Studio album by Bladee
- Released: 16 July 2020
- Genre: Cloud rap
- Length: 37:16
- Label: Year0001
- Producer: Gud; Joakim Benon; Lusi; Mechatok; Whitearmor;

Bladee chronology
| Exeter (2020) | 333 (2020) | Good Luck (2020) |

= 333 (Bladee album) =

333 is the fourth studio album by the Swedish rapper Bladee. A surprise album, it was released by Year0001 on 16 July 2020. It is Bladee's second release of 2020, following April's Exeter. It was produced by Whitearmor with contributions from a variety of record producers, including Gud and Joakim Benon.

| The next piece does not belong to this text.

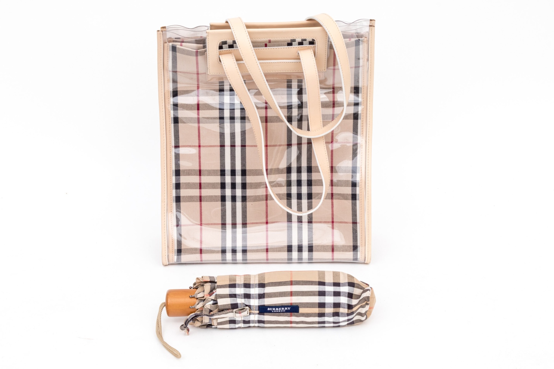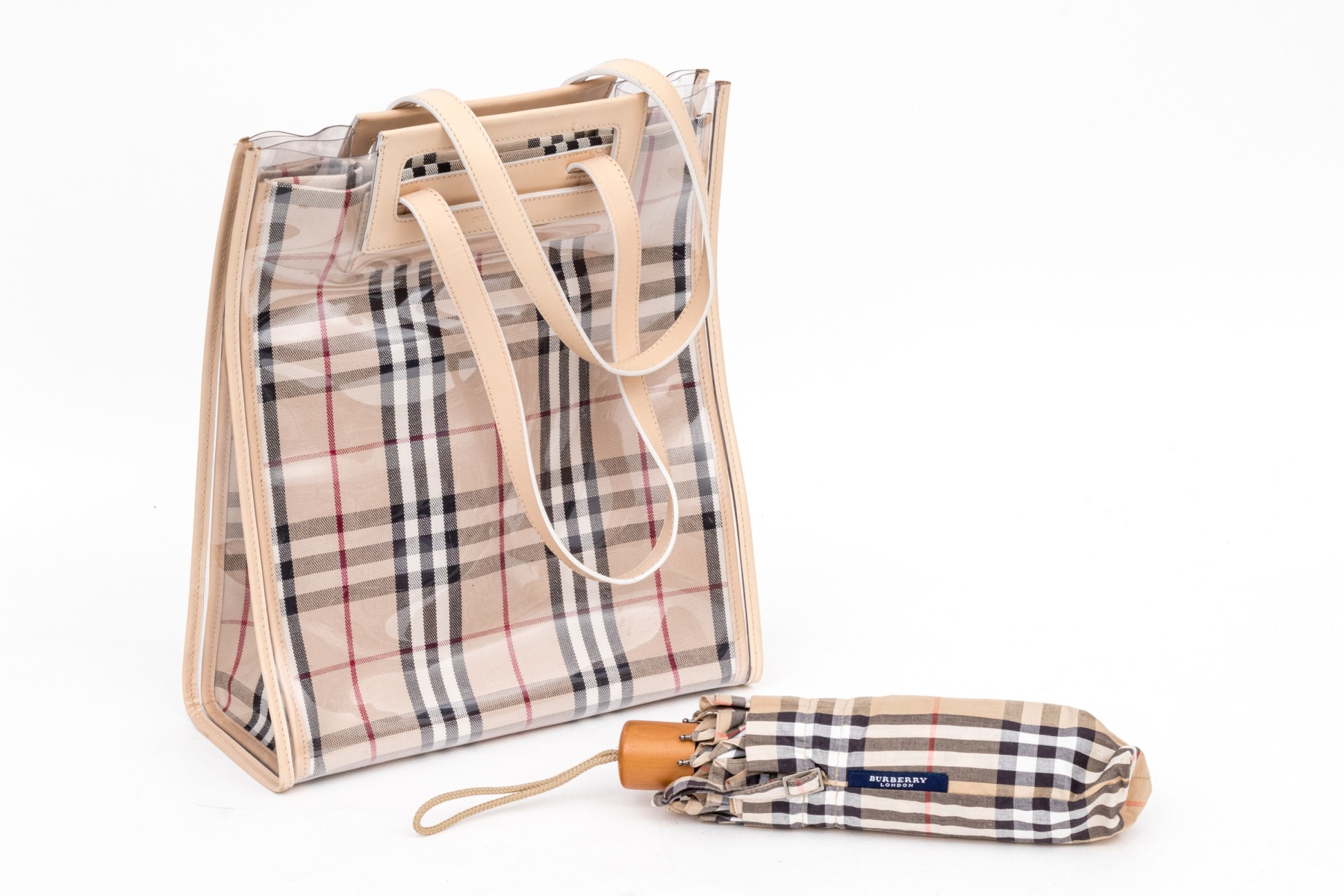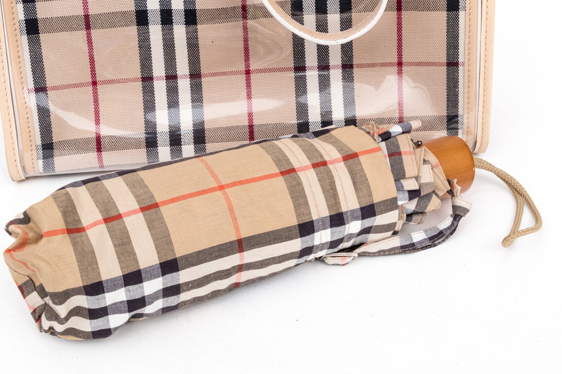 The bag is available in the classic tan black and burgundy red patterning. With matching umbrella.

Its title is a reference to the holy number 3, which is a recurring theme in Drain Gang's music. 333 is a cloud rap album that explores themes of introspection and love, and contains upbeat instrumentals. It charted in Scotland and the United Kingdom.

== Background and composition ==
Bladee released his third studio album Exeter on 8 April 2020, to positive reviews from Pitchfork and laut.de. It contained two guest appearances from longtime collaborator Ecco2k, though 333 contains no guest appearances. 333 was executive produced by fellow Drain Gang member Whitearmor. It was also produced by Whitearmor with contributions from Gud, Joakim Benon, Lusi, and Mechatok. The album's title is a reference to the holy number 3, which is a recurring theme in Drain Gang's music.'

333 was classified as cloud rap by Jordan Darville from The Fader and Anthony Fantano. Fantano said it also pulls from ambient pop and art pop. Ben Vassar of The Michigan Daily called it "hyperpop-adjacent". It explores themes of introspection and the depths of toxic love, and contains moments of melancholy that are hidden by upbeat instrumentals. The album also builds a soundscape of toxic love with a state of self-hatred. Darville wrote that "Bladee sounds simultaneously dazed and effervescent with his rambling raver flow". Fantano said the album "sounds like the next step in a stylistic shift for Bladee". The Boar's Max Gentleman described "Keys to the City" and "100s" as containing "Microsoft error noise style bass" and a "haunting delivery". He also described "Innocent of All Things" as having a catchy hook, "Reality Surf" having "druggy meditations", and the "percussive hits contrasting the emotional resignation" of "Oh Well".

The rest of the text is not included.